Start. It’s perhaps stating the bleedin’ obvious, but upon receipt of diagnosis everything pretty much changes. The wheel, as they say, takes a fresh spin, but also tilts on its axis just a little … or a lot, depending on what it means to you personally. What is certain is that in certain, and quite important, circumstances, you are no longer a person but a patient. You are your condition. This can be problematic, in a number of ways, not least for you (that’s the patient, btw). In terms of the system you are now a set of symptoms, a set of boxes to tick (and, mark you, a pricey set of boxes). This much is reasonably obvious. You may not expect it, but you realise pretty quickly that most of the time professionals address the symptoms not the person – that is left up to support groups and so on. Unfortunately, this disjunct can lead to a lack of meaningful communication between system and patient … and it’s even happening here. In attempting to deal in the abstract, I am repeating the same error.
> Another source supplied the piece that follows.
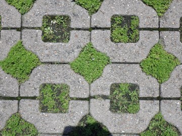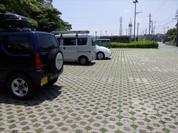 【左】鹿狩池西側駐車場。幾何学模様は下図のブロックのため。四角いマスは土で雑草が生える場所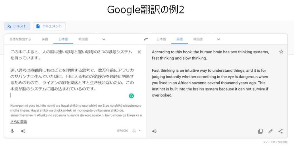 たとえば、筆者のサイトの文章をGoogle翻訳で英語に翻訳してみました。

It’s tough. It’s tough for professionals not to treat you as if you merely your condition. It’s tough for you to think of yourself outside of your condition. People you meet who you tell of your particular issue often seem to find it hard not to label you PD – after all, why not? It’s a convenient and useful sticker. Personally, I tell people as and when it becomes relevant – when I fall asleep while talking to them, for example! Naturally, in the early days of discovery and accommodation, PD does take you over just a little. You can come across as overly focused on the condition (hardly bleedin surprising, I mean …), and people you meet naturally remember this part of you, as it’s both the most memorable and the most convenient descriptor. You become your disease.
Now, we all deal with things differently, and this post by Tom Isaacs is a case in point. It describes very neatly how he sees his journey with PD, and has a lot going for it. But it’s just his journey. This is how he sees things. The comments are instructive, I think … they demonstrate how people can fixate on certain aspects of the disease, psychologically speaking, and thus see that as ‘the cure’. To me, it can dip into the realms of self-help, which is anathema.
The point is that there is no one size fits all with PD. The disease itself is remarkably personal – it manifests in each person differently and stubbornly refuses to follow set patterns, predictable developments. It’s largely a clinical diagnosis, inasmuch as only the effects, not the cause, is available for observation – we don’t make enough dopamine because these cells snuff it, but we don’t know why. There is no PD pathogen.
This means, I think, that how the patient (sorry, pretty much had to use that word) perceives their progression is of vital importance. PD won’t fit into a box, because it doesn’t work like that. What works for Tom may not work for me.
PD becomes part of our identity, but PD doesn’t define you. You define it.